Members are charged either £1.99 a week or £79 a year to join Alexi. The business model works by offering members free previews of books. Every time a member reads a book beyond the free preview limit it triggers a payment to the publisher equivalent to an e-book sale. The author who recommended the book will also receive a small payment from the company every time a book is read, along with other incentives to take part.
The app will select approximately 400 books to recommend to members over the course of a year.

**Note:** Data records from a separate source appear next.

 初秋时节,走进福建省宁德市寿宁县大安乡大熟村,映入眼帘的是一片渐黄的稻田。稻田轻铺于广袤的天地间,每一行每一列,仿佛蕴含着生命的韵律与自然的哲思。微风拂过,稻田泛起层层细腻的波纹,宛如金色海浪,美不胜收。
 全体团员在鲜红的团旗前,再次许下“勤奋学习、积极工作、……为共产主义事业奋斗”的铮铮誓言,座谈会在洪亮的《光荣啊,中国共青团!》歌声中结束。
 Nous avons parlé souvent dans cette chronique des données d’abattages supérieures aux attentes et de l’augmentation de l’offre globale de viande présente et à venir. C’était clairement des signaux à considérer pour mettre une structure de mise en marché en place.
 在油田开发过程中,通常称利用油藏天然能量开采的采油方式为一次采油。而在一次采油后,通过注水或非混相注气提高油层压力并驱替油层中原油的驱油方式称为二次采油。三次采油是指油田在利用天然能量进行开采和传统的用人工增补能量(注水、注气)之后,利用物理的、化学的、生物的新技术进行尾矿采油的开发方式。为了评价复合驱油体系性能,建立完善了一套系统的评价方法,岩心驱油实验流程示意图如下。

Kidd told The Bookseller: "Alexi is the exact opposite of all-you-can-eat subscription services. Readers suffer from a surfeit, not a lack, of choice. Alexi shuts out all the noise and offers our members a carefully considered selection of only the best. Alexi is very outward facing and actively responsive to what’s happening in the world. Books can be great means of escape, but we are more interested in how they work as means of engagement – not least with the world going the way it is right now."

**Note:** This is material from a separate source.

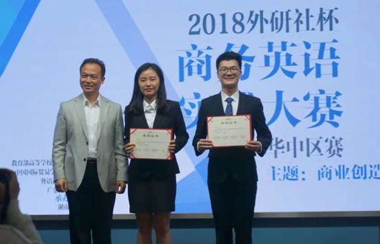 11月4日,伟德官网商务英语专业代表队参加2018年“外研社杯”全国商务英语实践大赛华中区决赛,荣获一等奖,将代表华中赛区参加全国总决赛!同时,王旭东同学获得本次比赛"个人风采奖"!本次大赛参赛队员有来自商务英语系的丁文韬,李妍慧,李若溪,李品萱,高静美,王旭东,周宇以及来自英语系的胡依婷。商务英语系教师钟玲俐、曾望、李思艺担任指导老师。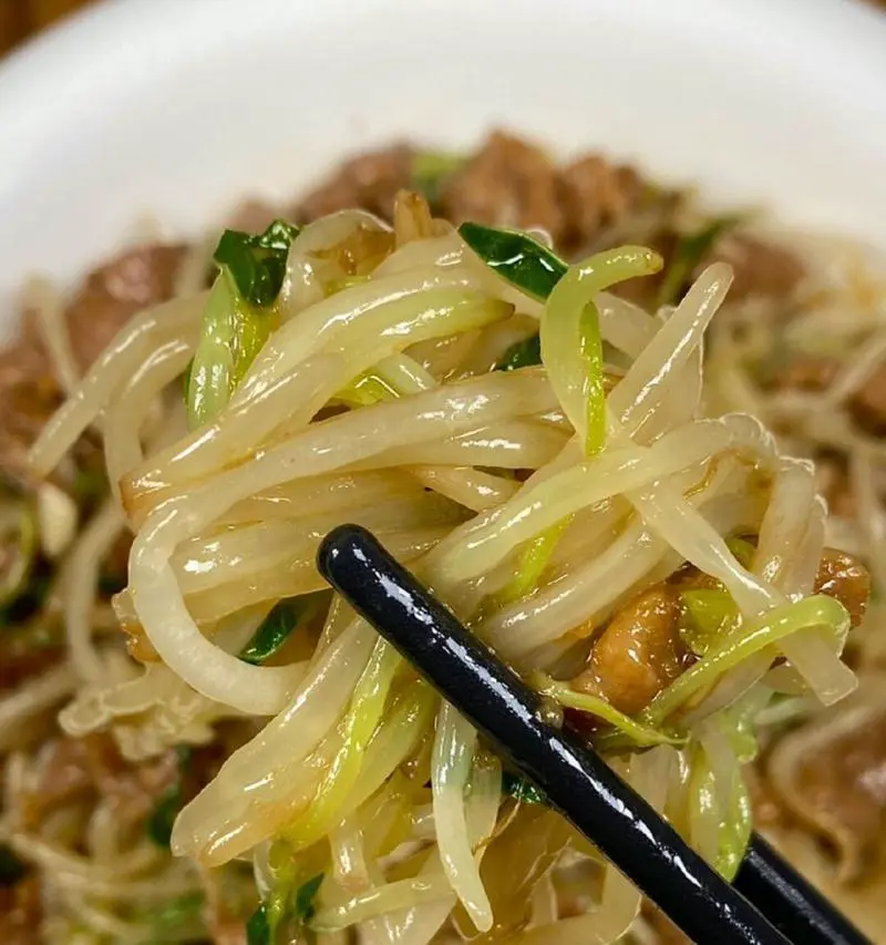 最后加入准备好的绿豆芽,继续进行翻炒,绿豆芽要尽量不被过分烹调,以保留清爽口感。

The service also hopes to give backlist sales a boost.
"By restoring human expertise to the recommendation process, Alexi leads readers to hidden gems they mightn’t otherwise hear about," Kidd said. "Recent backlist publishing phenomena such as Stoner by John Williams and Tony and Susan (aka "Nocturnal Animals") by Austin Wright have reflected an appetite for books that move beyond the obvious. Alexi’s handpicked mix of novels, short stories, history, politics, poetry and reportage offers an exciting new way to find them."
He added: "Essentially what Alexi is about is creating an ecosystem in which good books, and especially backlist, can flourish, and encouraging our members to read beyond the books that everyone else is reading."
Karim was most recently head of digital and contracts at Aitken Alexander.
Karim said: "In launching Alexi, we are excited to join a growing movement that is intent on offering people a way out of the rabbit-hole of algorithms and reductive five-star ratings. We also believe good books are the most effective antidote to the distortions of the echo chamber, and we have combined the best of analogue and digital to create a new way of bringing them to people."
A beta version of the app was launched last year and included the recommendations but not the books themselves. Last autumn the Alexi team raised additional funding via Crowdcube to build a proprietary e-reader within the new version of the app.
Alexi will launch in North America in mid-2017. The app is currently optimised for Apple iPhone and iPad, with an Android version coming in 2017.